Multitask, Concurrent Execution and OpenMP

In Simulink® you can configure your models to run on Multicore Target systems. Further details can be found in the MathWorks® documentation. Beckhoff targets usually offer a multi-core architecture, which can be used efficiently with TwinCAT 3. This is also possible with the TwinCAT Target for Simulink® as shown below.

A distinction is made in this description between Multitask, Concurrent Execution and OpenMP.

Multitask and Concurrent Execution

The following multirate system in Simulink® is considered for the descriptions of the options Multitask and Concurrent Execution. The model has an explicit and an implicit rate transition.

Multitask, Concurrent Execution and OpenMP 1:

Go to Configuration Parameters and select Solver. Here you can choose between:

Multitask, Concurrent Execution and OpenMP 2:

Treat each discrete rate as separate task: Multitask

If a TcCOM object is created with the Treat each discrete rate as separate task option enabled, you will get an object to which you can assign multiple task contexts. 3 tasks in this case.
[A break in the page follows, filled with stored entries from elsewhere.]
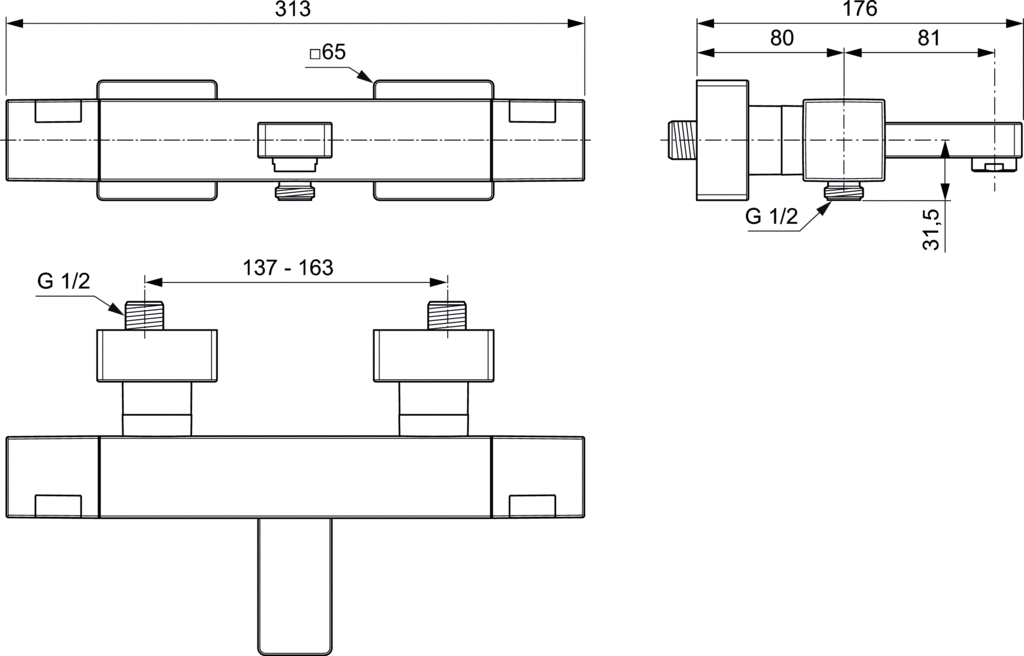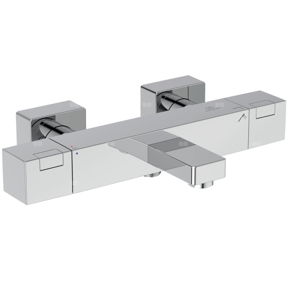 Bateria termostatyczna wannowo-natryskowa Ceratherm C100 z zaworem zwrotnym i odpływem 176 mm. Głowica termostatyczna ECO ze zintegrowanym ogranicznikiem temperatury i przyciskiem redukującym przepływ wody o 50%. Funkcja Cool body zapobiegająca poparzeniu przez korpus baterii. Ukryte przyłącza mimośrodowe. Funkcja Alti-Kalk. Aerator M24 x 1. Metalowe uchwyty ze zintegrowanym przełącznikiem. Zgodność z normą EN1111.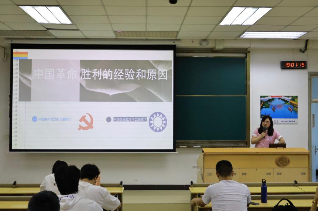 (通讯员:牟倩)近日,华中科技大学马克思主义学院倾力打造的“四史”系列精品选修课程《百年中国》在为期十周的持续推进后顺利结课。5月22日晚,《百年中国》第十讲于东九教学楼C203教室如期开讲。马克思主义学院青年教师高作楠以《中国革命胜利的经验和原因》为主题,依托详实史料,讲述了以蒋介石为首的国民党统治集团如何将自己置于中国人民的对立面,深入剖析了中国共产党取得国共内战胜利的深刻社会根源和深厚群众基础,揭示了中国人民英勇斗争、走上反帝反封建的历史道路的艰辛不易。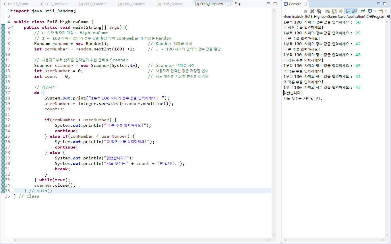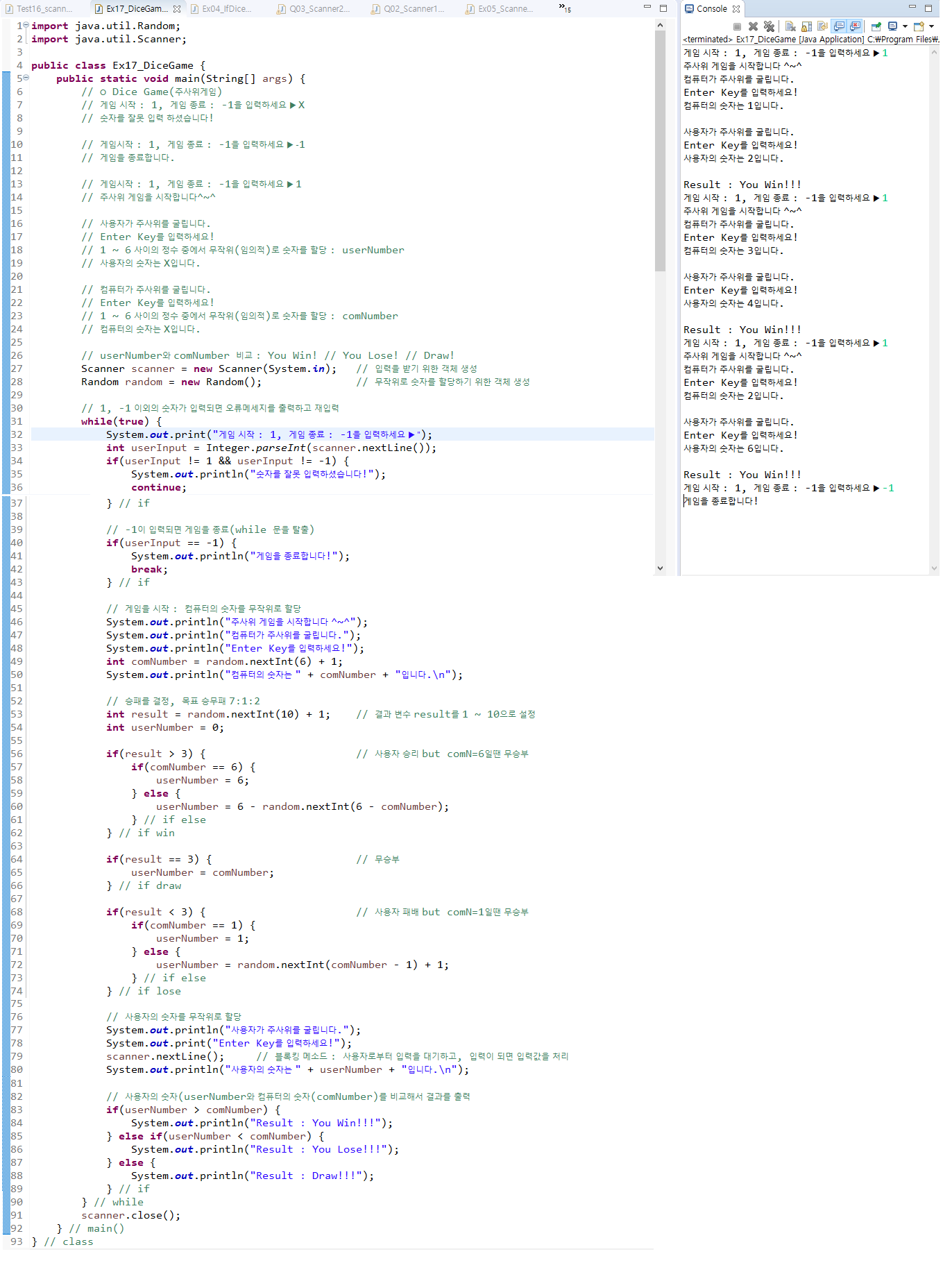 15. Scanner 문제, 승부조작 주사위 게임, 업다운게임 본문

Multitask, Concurrent Execution and OpenMP 3:

The inputs, outputs and all other DataAreas are divided into the different contexts, so there are 3 Input DataAreas and 3 Output DataAreas in this case.

Multitask, Concurrent Execution and OpenMP 4:

In this case, the cyclic tasks must all be placed on the same core. There is no parallel processing of the tasks.

The advantage over a TcCOM with only one task interface is that now not all calculations have to be completed within the fastest task cycle time (see Scheduling). If the above Simulink model were created with default setting without Treat each discrete rate as separate task, only one task with 10 ms (fastest task) would be linkable. This means that all calculations must be completed within this time. By distributing to multiple tasks on the same core, this rule is disabled because tasks can interrupt each other (see Priorities).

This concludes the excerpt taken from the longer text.